(EXERCISE GOAL) Which lines run from the start of the material below through the line containing "Praha 31. července"? Retype them exactly, pictures excluded.

DATA EXCERPT START

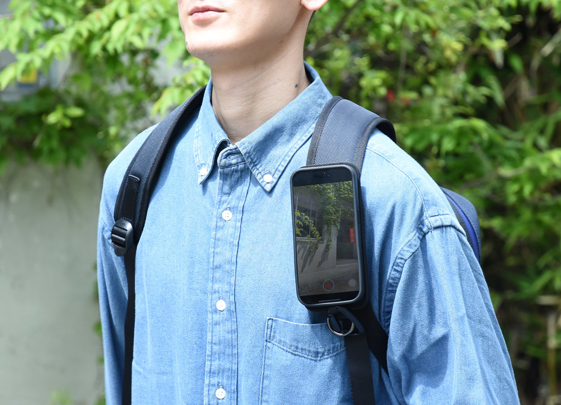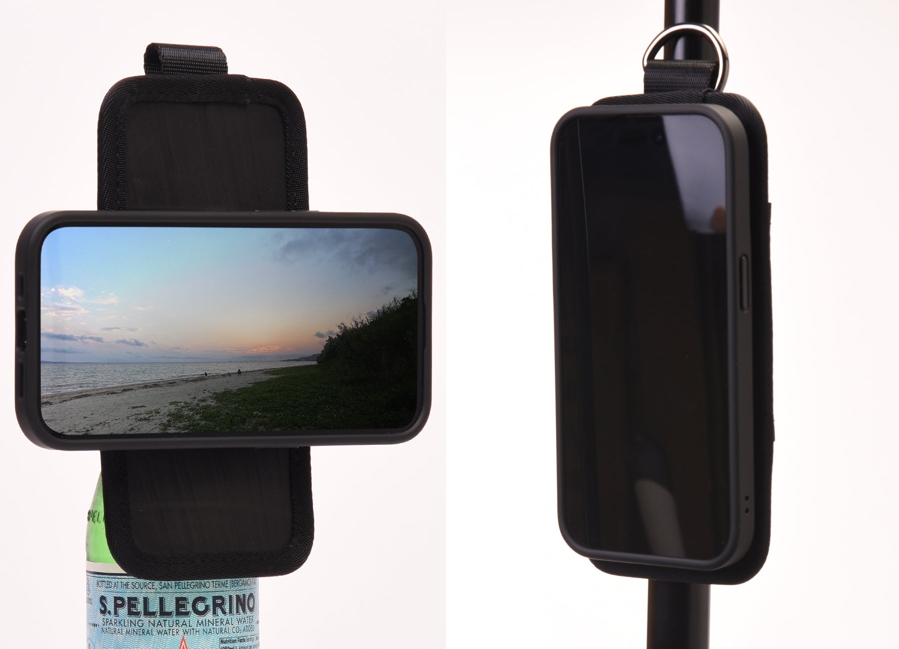 このベルトホルダーはあらゆる太さのショルダーベルトにしっかりと固定する事ができ、例えばハンズフリーで歩きながらの撮影が可能です。また、ポールやペットボトルなどを利用してスマートフォンを固定したりする事もできるなどユーザーのアイディア次第で幅広い使い方ができます。
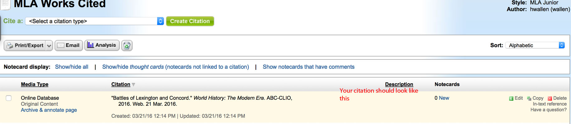 Step 6. Hit the submit button and return to your bibliography screen. Your entry should look like this:
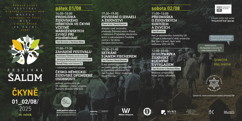 Praha 31. července 2025 (PROTEXT) – V pátek a sobotu 1. a 2. srpna 2025 proběhne třetí ročník festivalu Šalom v synagoze ve Čkyni v Jižních Čechách na Šumavě. „Návštěvníci se mohou tak jako každý rok těšit na pestrý program – diskuse, komentovanou prohlídku, vernisáž výstavy, přednášky o židovských svátcích a zvycích či ochutnávku židovské kuchyně,“ říká David Stecher ředitel pořádajícího Pražského literárního domu.
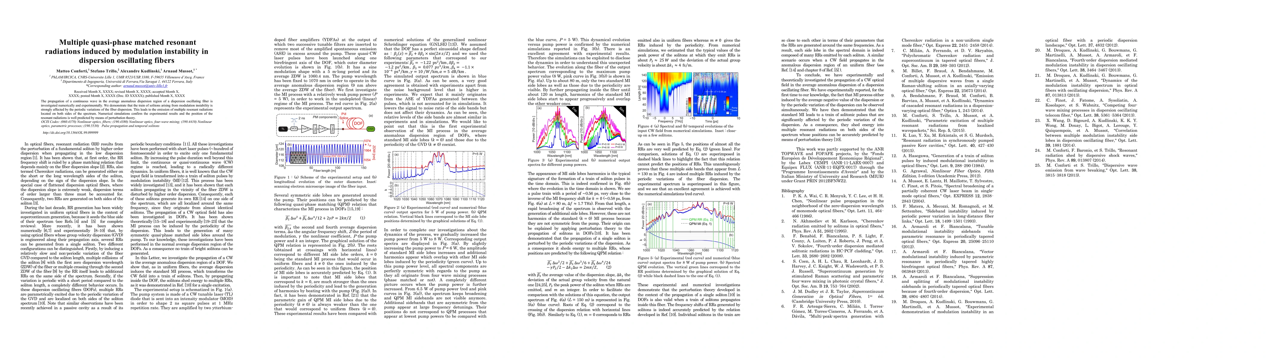 This paper investigates the emission of multiple resonant radiations from modulation instability in dispersion oscillating fibers, demonstrating both numerically and experimentally that periodic dispersion variations induce these emissions. Perturbation theory accurately predicts the positions of the observed resonant radiations.

DATA EXCERPT END

(EXERCISE SOLUTION)
 このベルトホルダーはあらゆる太さのショルダーベルトにしっかりと固定する事ができ、例えばハンズフリーで歩きながらの撮影が可能です。また、ポールやペットボトルなどを利用してスマートフォンを固定したりする事もできるなどユーザーのアイディア次第で幅広い使い方ができます。
 Step 6. Hit the submit button and return to your bibliography screen. Your entry should look like this:
 Praha 31. července 2025 (PROTEXT) – V pátek a sobotu 1. a 2. srpna 2025 proběhne třetí ročník festivalu Šalom v synagoze ve Čkyni v Jižních Čechách na Šumavě. „Návštěvníci se mohou tak jako každý rok těšit na pestrý program – diskuse, komentovanou prohlídku, vernisáž výstavy, přednášky o židovských svátcích a zvycích či ochutnávku židovské kuchyně,“ říká David Stecher ředitel pořádajícího Pražského literárního domu.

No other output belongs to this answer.